◆ Exercise description ◆
Exact reproduction of the data is required, with images excluded.

◆ Material provided ◆
--- START ---

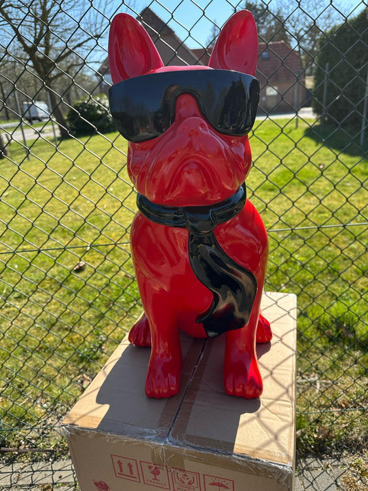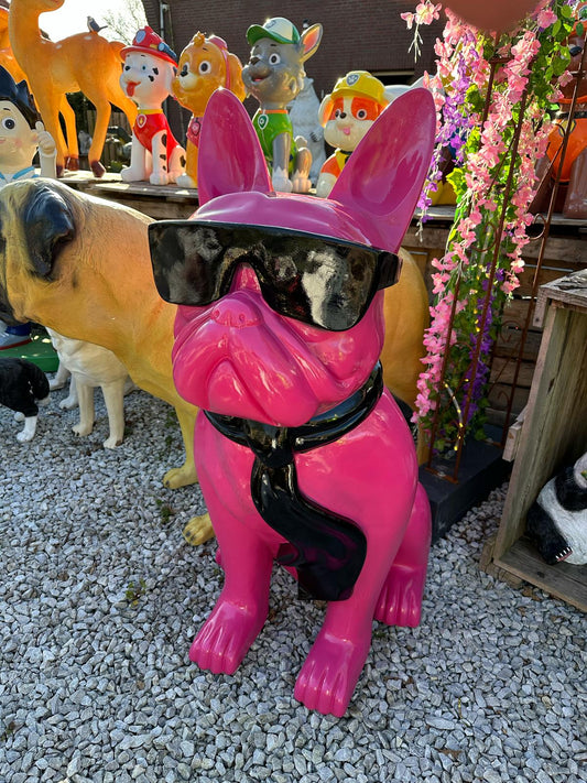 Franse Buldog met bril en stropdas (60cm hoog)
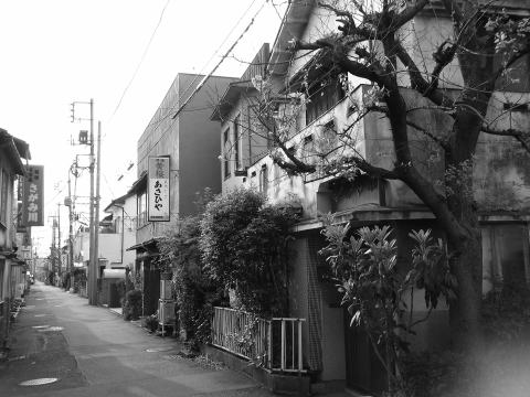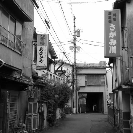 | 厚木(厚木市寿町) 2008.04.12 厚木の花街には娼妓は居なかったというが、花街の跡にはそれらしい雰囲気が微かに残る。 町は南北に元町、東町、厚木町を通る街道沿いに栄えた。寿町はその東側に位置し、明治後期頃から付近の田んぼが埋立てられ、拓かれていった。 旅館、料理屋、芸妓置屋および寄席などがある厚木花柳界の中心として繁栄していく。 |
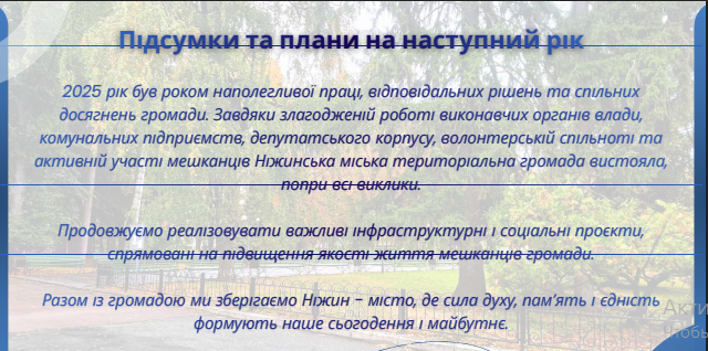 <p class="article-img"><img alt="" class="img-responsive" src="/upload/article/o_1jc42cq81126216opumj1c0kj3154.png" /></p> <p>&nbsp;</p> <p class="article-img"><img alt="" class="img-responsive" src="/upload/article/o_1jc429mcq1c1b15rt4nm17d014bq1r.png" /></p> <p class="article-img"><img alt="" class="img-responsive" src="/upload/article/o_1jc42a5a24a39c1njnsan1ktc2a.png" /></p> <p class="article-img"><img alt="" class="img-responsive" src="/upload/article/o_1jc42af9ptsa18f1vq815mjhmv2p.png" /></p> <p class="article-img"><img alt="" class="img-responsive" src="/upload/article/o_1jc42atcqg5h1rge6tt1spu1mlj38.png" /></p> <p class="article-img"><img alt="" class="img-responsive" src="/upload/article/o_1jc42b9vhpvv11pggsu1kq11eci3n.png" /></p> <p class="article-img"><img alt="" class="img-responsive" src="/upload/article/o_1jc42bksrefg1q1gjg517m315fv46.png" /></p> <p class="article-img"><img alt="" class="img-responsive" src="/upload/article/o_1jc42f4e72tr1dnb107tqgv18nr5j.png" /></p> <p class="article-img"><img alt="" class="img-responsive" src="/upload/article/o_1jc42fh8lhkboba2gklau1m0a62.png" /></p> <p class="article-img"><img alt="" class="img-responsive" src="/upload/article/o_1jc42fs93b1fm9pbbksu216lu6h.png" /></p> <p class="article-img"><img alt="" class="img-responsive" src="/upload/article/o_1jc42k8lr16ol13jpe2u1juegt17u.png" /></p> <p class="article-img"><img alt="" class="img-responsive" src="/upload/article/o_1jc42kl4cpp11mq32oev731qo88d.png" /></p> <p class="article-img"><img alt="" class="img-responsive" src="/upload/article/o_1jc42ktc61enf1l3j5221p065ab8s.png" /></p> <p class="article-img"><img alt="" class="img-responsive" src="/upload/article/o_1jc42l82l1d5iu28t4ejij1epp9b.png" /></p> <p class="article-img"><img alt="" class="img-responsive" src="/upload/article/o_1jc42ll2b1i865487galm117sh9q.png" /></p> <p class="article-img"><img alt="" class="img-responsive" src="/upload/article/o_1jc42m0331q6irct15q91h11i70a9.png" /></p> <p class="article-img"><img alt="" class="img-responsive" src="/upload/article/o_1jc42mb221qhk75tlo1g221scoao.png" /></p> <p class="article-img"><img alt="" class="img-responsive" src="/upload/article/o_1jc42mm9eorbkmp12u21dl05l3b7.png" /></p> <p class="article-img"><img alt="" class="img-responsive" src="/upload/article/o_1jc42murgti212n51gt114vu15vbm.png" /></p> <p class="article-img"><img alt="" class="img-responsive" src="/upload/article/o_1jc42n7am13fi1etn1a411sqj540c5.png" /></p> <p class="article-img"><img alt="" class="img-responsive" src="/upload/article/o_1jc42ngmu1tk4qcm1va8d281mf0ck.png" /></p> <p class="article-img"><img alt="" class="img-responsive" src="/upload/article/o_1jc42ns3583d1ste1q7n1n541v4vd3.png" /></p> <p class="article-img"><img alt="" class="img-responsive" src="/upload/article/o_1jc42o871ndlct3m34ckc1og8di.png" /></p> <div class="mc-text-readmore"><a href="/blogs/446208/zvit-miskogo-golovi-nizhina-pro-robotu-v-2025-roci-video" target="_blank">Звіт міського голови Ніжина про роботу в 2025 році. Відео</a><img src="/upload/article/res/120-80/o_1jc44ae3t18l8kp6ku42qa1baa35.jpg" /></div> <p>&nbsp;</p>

--- END ---

◆ Written response ◆
 Franse Buldog met bril en stropdas (60cm hoog)
 | 厚木(厚木市寿町) 2008.04.12 厚木の花街には娼妓は居なかったというが、花街の跡にはそれらしい雰囲気が微かに残る。 町は南北に元町、東町、厚木町を通る街道沿いに栄えた。寿町はその東側に位置し、明治後期頃から付近の田んぼが埋立てられ、拓かれていった。 旅館、料理屋、芸妓置屋および寄席などがある厚木花柳界の中心として繁栄していく。 |
 <p class="article-img"><img alt="" class="img-responsive" src="/upload/article/o_1jc42cq81126216opumj1c0kj3154.png" /></p> <p>&nbsp;</p> <p class="article-img"><img alt="" class="img-responsive" src="/upload/article/o_1jc429mcq1c1b15rt4nm17d014bq1r.png" /></p> <p class="article-img"><img alt="" class="img-responsive" src="/upload/article/o_1jc42a5a24a39c1njnsan1ktc2a.png" /></p> <p class="article-img"><img alt="" class="img-responsive" src="/upload/article/o_1jc42af9ptsa18f1vq815mjhmv2p.png" /></p> <p class="article-img"><img alt="" class="img-responsive" src="/upload/article/o_1jc42atcqg5h1rge6tt1spu1mlj38.png" /></p> <p class="article-img"><img alt="" class="img-responsive" src="/upload/article/o_1jc42b9vhpvv11pggsu1kq11eci3n.png" /></p> <p class="article-img"><img alt="" class="img-responsive" src="/upload/article/o_1jc42bksrefg1q1gjg517m315fv46.png" /></p> <p class="article-img"><img alt="" class="img-responsive" src="/upload/article/o_1jc42f4e72tr1dnb107tqgv18nr5j.png" /></p> <p class="article-img"><img alt="" class="img-responsive" src="/upload/article/o_1jc42fh8lhkboba2gklau1m0a62.png" /></p> <p class="article-img"><img alt="" class="img-responsive" src="/upload/article/o_1jc42fs93b1fm9pbbksu216lu6h.png" /></p> <p class="article-img"><img alt="" class="img-responsive" src="/upload/article/o_1jc42k8lr16ol13jpe2u1juegt17u.png" /></p> <p class="article-img"><img alt="" class="img-responsive" src="/upload/article/o_1jc42kl4cpp11mq32oev731qo88d.png" /></p> <p class="article-img"><img alt="" class="img-responsive" src="/upload/article/o_1jc42ktc61enf1l3j5221p065ab8s.png" /></p> <p class="article-img"><img alt="" class="img-responsive" src="/upload/article/o_1jc42l82l1d5iu28t4ejij1epp9b.png" /></p> <p class="article-img"><img alt="" class="img-responsive" src="/upload/article/o_1jc42ll2b1i865487galm117sh9q.png" /></p> <p class="article-img"><img alt="" class="img-responsive" src="/upload/article/o_1jc42m0331q6irct15q91h11i70a9.png" /></p> <p class="article-img"><img alt="" class="img-responsive" src="/upload/article/o_1jc42mb221qhk75tlo1g221scoao.png" /></p> <p class="article-img"><img alt="" class="img-responsive" src="/upload/article/o_1jc42mm9eorbkmp12u21dl05l3b7.png" /></p> <p class="article-img"><img alt="" class="img-responsive" src="/upload/article/o_1jc42murgti212n51gt114vu15vbm.png" /></p> <p class="article-img"><img alt="" class="img-responsive" src="/upload/article/o_1jc42n7am13fi1etn1a411sqj540c5.png" /></p> <p class="article-img"><img alt="" class="img-responsive" src="/upload/article/o_1jc42ngmu1tk4qcm1va8d281mf0ck.png" /></p> <p class="article-img"><img alt="" class="img-responsive" src="/upload/article/o_1jc42ns3583d1ste1q7n1n541v4vd3.png" /></p> <p class="article-img"><img alt="" class="img-responsive" src="/upload/article/o_1jc42o871ndlct3m34ckc1og8di.png" /></p> <div class="mc-text-readmore"><a href="/blogs/446208/zvit-miskogo-golovi-nizhina-pro-robotu-v-2025-roci-video" target="_blank">Звіт міського голови Ніжина про роботу в 2025 році. Відео</a><img src="/upload/article/res/120-80/o_1jc44ae3t18l8kp6ku42qa1baa35.jpg" /></div> <p>&nbsp;</p>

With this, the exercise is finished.